### ABOUT THIS EXERCISE
Nothing but the lines from the one containing "COA2 中的 HCl,防止其进入试管中也反应生成硅酸而干扰实验" through the last line of the records below should be written out, each exactly as it stands.

_ _ _ _ _ _ _

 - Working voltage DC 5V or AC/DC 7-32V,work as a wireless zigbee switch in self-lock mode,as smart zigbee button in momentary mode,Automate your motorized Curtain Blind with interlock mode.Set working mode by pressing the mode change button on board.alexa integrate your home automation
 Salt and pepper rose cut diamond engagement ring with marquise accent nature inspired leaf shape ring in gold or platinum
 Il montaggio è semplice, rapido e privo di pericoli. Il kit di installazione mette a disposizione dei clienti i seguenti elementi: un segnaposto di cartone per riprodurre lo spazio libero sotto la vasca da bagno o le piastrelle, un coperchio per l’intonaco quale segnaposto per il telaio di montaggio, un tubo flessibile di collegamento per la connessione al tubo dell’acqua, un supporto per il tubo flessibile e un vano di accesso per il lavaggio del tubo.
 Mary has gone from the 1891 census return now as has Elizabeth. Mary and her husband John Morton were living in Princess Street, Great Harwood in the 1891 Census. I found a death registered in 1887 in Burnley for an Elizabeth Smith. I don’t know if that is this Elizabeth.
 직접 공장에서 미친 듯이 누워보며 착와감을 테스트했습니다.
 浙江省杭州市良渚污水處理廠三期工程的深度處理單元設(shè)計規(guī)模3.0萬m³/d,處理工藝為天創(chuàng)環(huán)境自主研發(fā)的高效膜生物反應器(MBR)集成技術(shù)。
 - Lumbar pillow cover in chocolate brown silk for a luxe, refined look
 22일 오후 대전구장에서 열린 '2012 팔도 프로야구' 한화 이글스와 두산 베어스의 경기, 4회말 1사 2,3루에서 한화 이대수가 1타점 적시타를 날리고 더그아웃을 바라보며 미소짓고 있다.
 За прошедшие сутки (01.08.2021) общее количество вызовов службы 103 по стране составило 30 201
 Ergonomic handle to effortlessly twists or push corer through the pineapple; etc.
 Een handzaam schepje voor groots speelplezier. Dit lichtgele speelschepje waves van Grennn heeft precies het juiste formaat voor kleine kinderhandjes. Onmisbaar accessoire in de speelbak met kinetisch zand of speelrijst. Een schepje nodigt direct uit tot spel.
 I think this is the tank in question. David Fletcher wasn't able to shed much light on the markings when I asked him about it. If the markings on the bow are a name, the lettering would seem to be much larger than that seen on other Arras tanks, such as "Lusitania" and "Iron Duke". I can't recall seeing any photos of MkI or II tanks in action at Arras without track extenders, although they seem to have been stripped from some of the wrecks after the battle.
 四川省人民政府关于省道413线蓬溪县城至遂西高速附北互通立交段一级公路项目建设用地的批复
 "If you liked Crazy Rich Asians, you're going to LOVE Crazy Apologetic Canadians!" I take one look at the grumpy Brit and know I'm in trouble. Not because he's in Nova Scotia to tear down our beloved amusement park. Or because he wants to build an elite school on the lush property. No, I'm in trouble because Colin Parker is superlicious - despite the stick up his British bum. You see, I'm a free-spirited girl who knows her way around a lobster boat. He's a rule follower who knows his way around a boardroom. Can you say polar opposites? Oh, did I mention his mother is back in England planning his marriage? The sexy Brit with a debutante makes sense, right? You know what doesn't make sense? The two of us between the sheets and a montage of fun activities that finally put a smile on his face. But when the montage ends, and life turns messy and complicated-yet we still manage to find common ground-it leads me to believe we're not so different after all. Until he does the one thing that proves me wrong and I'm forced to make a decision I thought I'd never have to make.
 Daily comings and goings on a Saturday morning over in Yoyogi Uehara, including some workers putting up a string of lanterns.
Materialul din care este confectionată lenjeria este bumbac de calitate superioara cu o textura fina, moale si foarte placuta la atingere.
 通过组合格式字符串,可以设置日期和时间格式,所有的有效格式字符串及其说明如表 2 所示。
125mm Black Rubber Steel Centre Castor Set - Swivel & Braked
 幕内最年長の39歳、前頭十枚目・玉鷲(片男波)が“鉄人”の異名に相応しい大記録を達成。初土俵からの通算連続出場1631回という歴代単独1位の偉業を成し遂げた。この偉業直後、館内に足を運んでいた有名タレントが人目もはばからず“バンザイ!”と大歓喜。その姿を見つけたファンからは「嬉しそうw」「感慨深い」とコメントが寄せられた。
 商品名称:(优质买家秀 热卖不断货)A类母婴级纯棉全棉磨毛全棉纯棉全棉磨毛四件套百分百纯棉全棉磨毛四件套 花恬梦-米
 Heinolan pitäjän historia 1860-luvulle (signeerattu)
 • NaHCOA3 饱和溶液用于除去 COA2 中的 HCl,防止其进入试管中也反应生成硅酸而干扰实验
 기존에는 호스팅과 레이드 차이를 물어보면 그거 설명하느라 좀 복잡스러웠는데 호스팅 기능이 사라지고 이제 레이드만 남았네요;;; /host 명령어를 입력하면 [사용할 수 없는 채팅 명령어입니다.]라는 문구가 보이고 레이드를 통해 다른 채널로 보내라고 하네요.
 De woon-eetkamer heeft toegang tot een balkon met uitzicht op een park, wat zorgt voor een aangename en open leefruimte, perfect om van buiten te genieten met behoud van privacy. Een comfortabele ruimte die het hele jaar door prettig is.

_ _ _ _ _ _ _

### WRITTEN SOLUTION
 • NaHCOA3 饱和溶液用于除去 COA2 中的 HCl,防止其进入试管中也反应生成硅酸而干扰实验
 기존에는 호스팅과 레이드 차이를 물어보면 그거 설명하느라 좀 복잡스러웠는데 호스팅 기능이 사라지고 이제 레이드만 남았네요;;; /host 명령어를 입력하면 [사용할 수 없는 채팅 명령어입니다.]라는 문구가 보이고 레이드를 통해 다른 채널로 보내라고 하네요.
 De woon-eetkamer heeft toegang tot een balkon met uitzicht op een park, wat zorgt voor een aangename en open leefruimte, perfect om van buiten te genieten met behoud van privacy. Een comfortabele ruimte die het hele jaar door prettig is.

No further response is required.